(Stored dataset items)
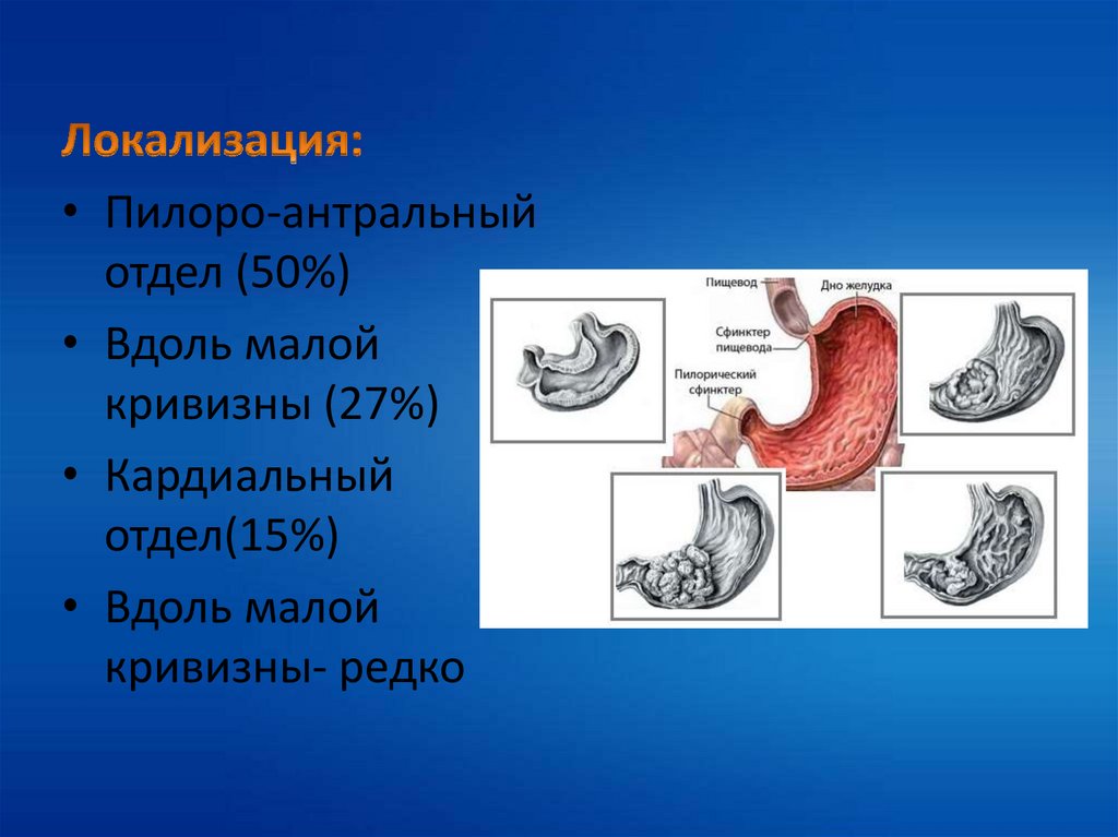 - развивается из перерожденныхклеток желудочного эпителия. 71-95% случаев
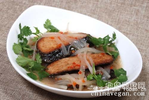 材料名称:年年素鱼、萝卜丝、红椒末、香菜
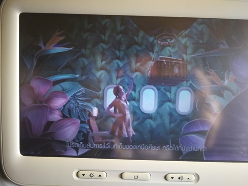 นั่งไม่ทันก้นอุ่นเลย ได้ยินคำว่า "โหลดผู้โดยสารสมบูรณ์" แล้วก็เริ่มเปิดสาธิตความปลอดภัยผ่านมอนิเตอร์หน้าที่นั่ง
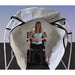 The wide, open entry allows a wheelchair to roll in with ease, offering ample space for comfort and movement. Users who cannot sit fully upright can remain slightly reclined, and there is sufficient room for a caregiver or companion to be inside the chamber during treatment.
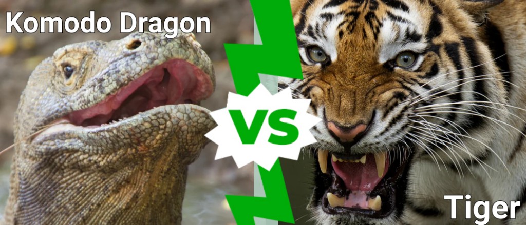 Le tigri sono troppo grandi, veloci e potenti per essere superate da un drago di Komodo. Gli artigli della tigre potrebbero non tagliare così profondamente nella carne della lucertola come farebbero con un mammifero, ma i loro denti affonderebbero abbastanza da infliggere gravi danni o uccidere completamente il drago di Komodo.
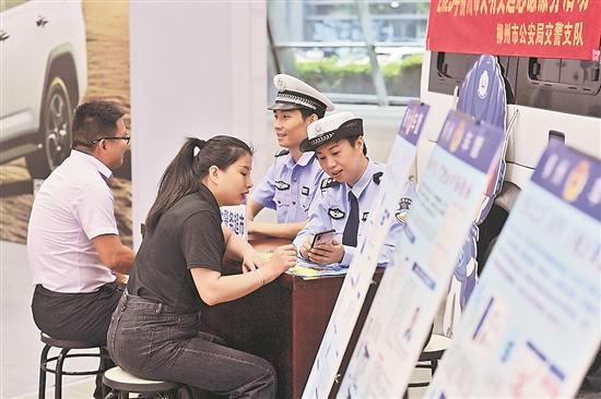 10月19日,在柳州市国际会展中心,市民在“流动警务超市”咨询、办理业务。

YOUR OBJECTIVE >> Transcribe exactly the lines running from the line with "材料名称:年年素鱼、萝卜丝、红椒末、香菜" to the last line of the entries. Pictures stay out of the copy.

ANSWER TO THIS TASK >>
 材料名称:年年素鱼、萝卜丝、红椒末、香菜
 นั่งไม่ทันก้นอุ่นเลย ได้ยินคำว่า "โหลดผู้โดยสารสมบูรณ์" แล้วก็เริ่มเปิดสาธิตความปลอดภัยผ่านมอนิเตอร์หน้าที่นั่ง
 The wide, open entry allows a wheelchair to roll in with ease, offering ample space for comfort and movement. Users who cannot sit fully upright can remain slightly reclined, and there is sufficient room for a caregiver or companion to be inside the chamber during treatment.
 Le tigri sono troppo grandi, veloci e potenti per essere superate da un drago di Komodo. Gli artigli della tigre potrebbero non tagliare così profondamente nella carne della lucertola come farebbero con un mammifero, ma i loro denti affonderebbero abbastanza da infliggere gravi danni o uccidere completamente il drago di Komodo.
 10月19日,在柳州市国际会展中心,市民在“流动警务超市”咨询、办理业务。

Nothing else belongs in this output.